Foi com esse maravilhoso slogan que Gladiador foi super marketeado em sua época de lançamento, firmando o retorno dos grandes épicos à tela do cinema, iniciado por Coração Valente poucos anos antes. Só que enquanto a obra prima de Mel Gibson toma um rumo bem mais realístico por fatos históricos, Ridley Scott belisca certos personagens, localidades e situações para criar uma história completamente nova ambientada durante um período crítico do Império Romano.

Russell Crowe (Los Angeles: Cidade Proibida) encarna Maximus, um importante general romano que tem total confiança de Marcus Aurelius (Richard Harris, da franquia Harry Potter e Os Imperdoáveis, falecido ano passado), que está em seus últimos dias de reinado. O imperador atiça a fúria de seu filho Commodus (Joaquim Phoenix, de Sinais) ao comunicá-lo o interesse de transferir seu reinado para Maximus, que nem da família pertence, por considerá-lo com mais força do ele, seu filho de sangue real. Commodus então inicia uma profunda revolta movida por vingança. Assassina seu pai e, ao pedir a lealdade de Maximus e a tê-la negada, expande sua área de atividade para o general e sua família. Maximus é condenado à morte, mas de uma maneira que não pretendo falar, escapa e começa uma longa jornada para – também - se vingar do que lhe aconteceu. É então que o personagem de Crowe esbarra com os brutais jogos de Gladiadores, tão amados pelo povo da época, e começa a ressurgir para o povo como o tão adorado ‘Espanhol’ em busca de seu objetivo.

Uma das maiores críticas ao filme de Scott foi de que ele assassinava a história. Se fosse um filme com a real intenção de contar um fato histórico, poder-se-ia dizer que é verdade, só que o próprio Ridley Scott contraria essa intenção ao dizer, em certo momento dos extras, que ele não quis fazer um documtentário. Se fosse um filme baseado em fatos reais, não teria sido indicado ao Oscar de roteiro original, acredito. A história criada por David Franzoni, roteirizada por ele próprio com a ajuda de John Logan (O Último Samurai) e William Nicholson consegue criar excelentes momentos, deixa claro os conflitos dos personagens, mesmo que tudo pareça estereotipado demais.  E o fato de utilizar personagens históricos conhecidos, causou toda essa confusão na cabeça de alguns.

A primeira batalha, os romanos contra os bárbaros, é fantasticamente bem ambientada.

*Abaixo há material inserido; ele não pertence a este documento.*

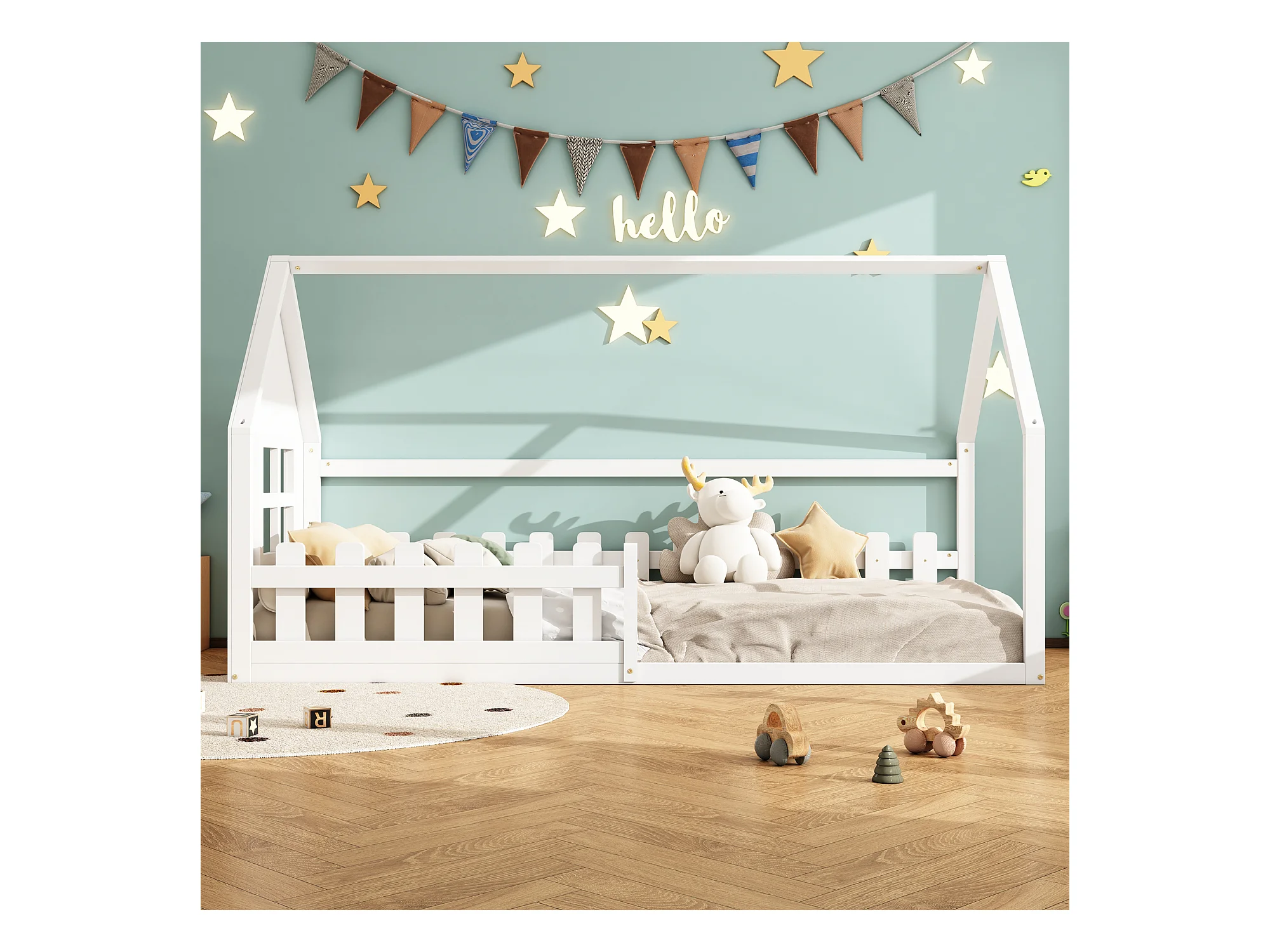 Lit cabane enfant 90x200cm, avec sommier à lattes, lit plat, lit enfant, barrière antichute, pin massif, Blanc

Ela tem um defeito grave de edição, que está direcionado a uma regra básica de montagem: o eixo de 180º. Por exemplo: à esquerda da tela, está o exército de Crowe e, à direita, o dos bárbaros. Depois da chuva de flechas por parte do exército de Crowe, são lançadas várias flechas gigantes de balistas pelo mesmo exército. Só que a montagem, a fim de deixar essa cena mais emocionante, vai executando mais cortes entre planos. Só que esses planos acabam por interferir uma lógica da imagem: se o exército de Crowe estava na esquerda, devemos ver todas as flechas voando da esquerda para a direita, respeitando assim o eixo que o primeiro plano havia estabelecido. Com essa montagem desorganizada que cito, vemos o exército de Crowe soltando flechas gigantes por todos os lados, desordenando tudo e nos deixando confuso se é ou não o exército de bárbaros fazendo um contra ataque. Expliquei essa regra para dizer que as cenas de batalha funcionam, mas não são perfeitas, principalmente em sua montagem.

Mas ao mesmo tempo que possuem esses defeitos, as cenas de combate têm força o suficiente para marcarem quem quer que esteja assistindo. A minha preferida é a luta de Crowe contra o grande campeão do Coliseu, ambos cercados por tigres famintos. Falando em Coliseu, o gigante foi recriado por computador a partir de um cenário real que a equipe de Scott construiu no Marrocos. O primeiro pavimento inteiro do Coliseu foi recriado e os outros andares (se não me falha a memória, cinco outros) foram recriados em computador. O poder do lugar pode ser sentido logo na primeira tomada geral que Scott faz, quando dá uma visão aérea de Roma e vemos o gigante em meio à tantas casas.

Tirando a construção do Coliseu, é bem perceptível quando estamos tendo computação gráfica no cenário. Isso porque muita coisa é real, mas muita também foi inserida na pós produção, e a maior prejudicada nisso tudo foi a fotografia, que em alguns momentos tem um sol forte e brilhante, e em outros, quando há efeitos sendo usados, temos tudo mais ‘morto’ e artificial. Repito que isso exclui o Coliseu, pois 80% dele é feito por computador, como dissemos anteriormente, é simplesmente fantástica a sua reprodução – inclusive com um giro lento de câmera de 360 graus do ponto de vista dos gladiadores para que toda a grandeza da situação seja sentida.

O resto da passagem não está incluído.